The jack worn as armour - hereafter referred to as the 'padded jack' - was usually made of between ten and thirty layers of linen or wool.
Lighter jacks were prescribed for wear with other armours; the ordinance of St. Maximin de Treves, published in October of 1473, specifically states that an archer must be protected by
"[...] a brigandine, or a sleeveless mail shirt under a ten layer jack."
This type of jack is also seen worn under other steel body protection. The archer depicted on Memling's Reliquary of St Ursula wears a shirt of maille under a jack with a breastplate over all. (See Figure 1.)
With an outer layer of a sturdy fabric like canvas, the thicker padded jacks provided excellent protection from arrows and other weapons. The Ordinances of Louis XI, ca. 1480, prescribe 25 to 30 layers of cloth with a leather outer layer if possible. This ordinance claims
"[N]ever have been seen half a dozen men killed by stabs or arrow wounds in such Jacks, particularly if they be troops accustomed to fighting."
Interestingly, the proof of such garments has been demonstrated by modern testing. Arrows were defeated by a thirty-layer jack without a leather outer layer, as were slashing cuts from a variety of European swords. Stabbing tests did not prove the Ordinance, as most of the swords tested penetrated the jack sufficiently to inflict significant injury.
This is not to say all jacks were layered, even when worn as the main article of defense. Dominic Mancini wrote about Richard III's archers in 1483:
"Indeed, the common soldiery have more comfortable tunics that reach down below the loins and are stuffed with tow or some other material. They say that the softer the tunic the better do they withstand the blows of arrows and swords, and besides that in summer they are lighter and in the winter they are more serviceable than iron."
There are two extant jacks in Continental collections, one in Lübeck and one in Stendal. Both are remarkably similar (see Figure 2). They are constructed of cotton batting sandwiched between layers of heavy linen or hemp canvas. On one of these jacks, we finally are shown some methods of closure.

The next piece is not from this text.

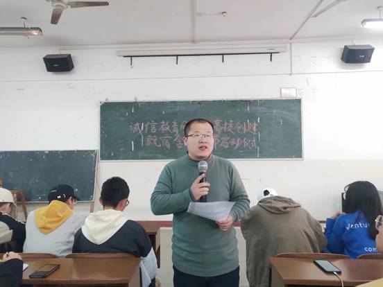会议开始,王慧磊就诚信教育活动相关事宜作出详细指示并深入浅出,旁征博引,为学生阐明了诚实守信、言行一致的重要性和必要性。紧接着,他带领在场所有人员宣读了有关责任书,并要求同学们要把诚信工作落实到实处,用心遵守诚实守信相关准则,详细叙述了校园安全相关方面所存在的问题并提出同学们要管理好宿舍生活习惯并注意宿舍用电的安全隐患。

The Stendal jack uses three pairs of eyelets, presumably for points, to close the breast: one at the neck, the other over the sternum, and the third at the waist. From the waist to the hem are eight regularly-spaced eyelets. It is unknown whether these are to be fastened with points or spiral-laced.
Neither example has sleeves or collar. Whether this is intentional is unknown; both jacks are in a fragmentary state and show signs of much patching and repair.

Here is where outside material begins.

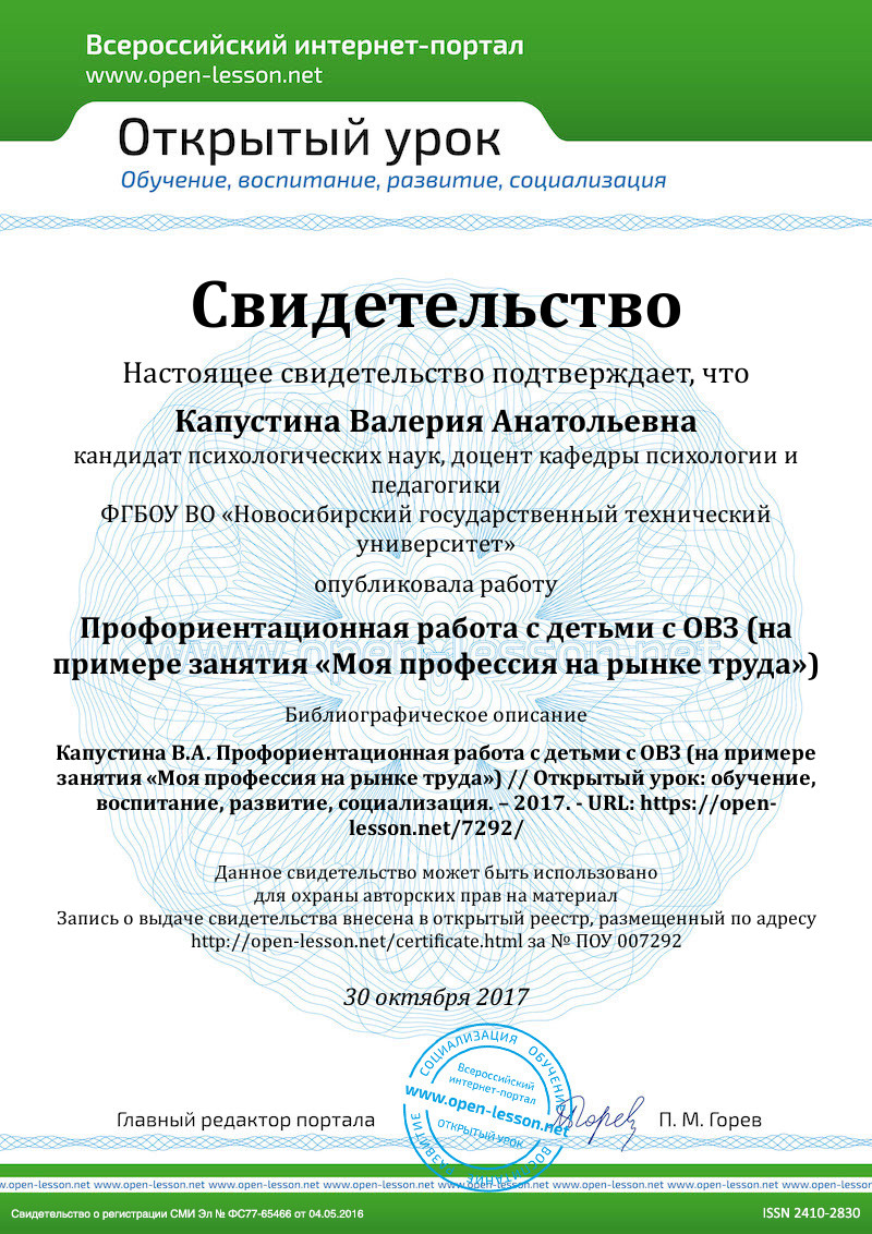Важным моментом профориентационной деятельности с детьми, имеющими ограничения по здоровью, является и перечень подходящих для них профессий в рамках получения среднего профессионального или высшего образования. В частности, примером такого банка профессий может быть перечень подходящих специальностей для людей с ОВЗ, созданный на базе проекта «Я могу!» сотрудниками ГБУ ДО ЦППМСП Невского района Санкт-Петербурга [5]. Минусом данного перечня является отсутствие информации об организациях, в которых указанное образование можно получить [6], но для составления общего представления о своем потенциале у ребенка с ОВЗ он вполне подходит. Также ознакомиться с подобной информацией можно и на сайтах образовательных организаций как среднего профессионального образования, так и высшего образования. В частности, на сайте ГАУ НСО «Комплексного центра социальной адаптации инвалидов» г. Новосибирска представлена информация о бесплатном обучении, длящемся 5–10 месяцев, по таким профессиям, как рабочий зеленого хозяйства, изготовитель художественных изделий из лозы, швея, вышивальщица (ручная и машинная вышивка), пользователь персонального компьютера, обувщик по ремонту обуви, социальный работник [7]. Институт социальной реабилитации ФГБОУ ВО «Новосибирский государственный технический университет» предлагает обучение по 15 направлениям, в числе которых адаптивная физическая культура, декоративно-прикладное искусство и народные промыслы, издательское дело, информатика и вычислительная техника, конструирование, моделирование и технология швейных изделий, конфликтология, социальная работа, программирование в компьютерных системах, педагогика дополнительного образования, экономика и бухгалтерский учет и др. [8]

There are two predominant varieties of quilting on 15th-century jacks: vertical channels and squares. The extant jacks referenced above use vertical channels, as does the jack worn by Memling's St Ursula archer (see Figure 1).
The St Ursula Reliquary gives us the useful variant of quilted squares, as seen on a plainly-equipped footsoldier (see Figure 3).

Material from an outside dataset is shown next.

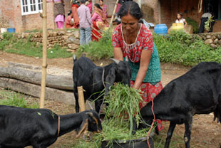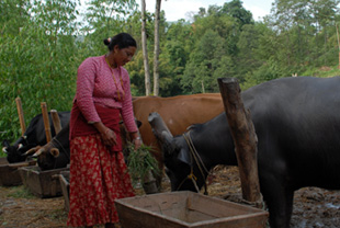 Mrs. Bhagabati Basnet is engaged in cow and buffalo raising business. At present she has 8 cows and buffalos. She sells milk to the dairy industry every morning. She also produces bio gas for cooking in her own house.

Regardless of whether the jack is layered or padded, the quilting seams are sewn in the same manner: the quilting seams are sewn through all layers at the same time.
Most jacks have a large amount of padding at the shoulder. Often referred to as 'ball-top sleeves', they are seen on both military garments - jacks - and civilian doublets. On the jack, the ball-tops serve a valuable purpose, as they provide protection to the point of the shoulder.
Jacks were also worn as protective garments to practice the art of defense. From the household accounts of Sir John Howard, 1464:
"And the xxiiij. Janever, I toke to the dobelete maker to make me a dobelete of fense, fore hevery for qwarter xviij folde theke of wyte fostyen, and iiij fold of lenen klothe, and a folde of blake fostyen to pote wethe howete; and fore hevery bake quarter xvj. folde of wyte fostyen, and iiij. of lenen klothe, and j. of blake, for the kewferenge; and fore the sleves j. folde of blake fostyen, and vj. of wyte, and ij. of lenen klothe"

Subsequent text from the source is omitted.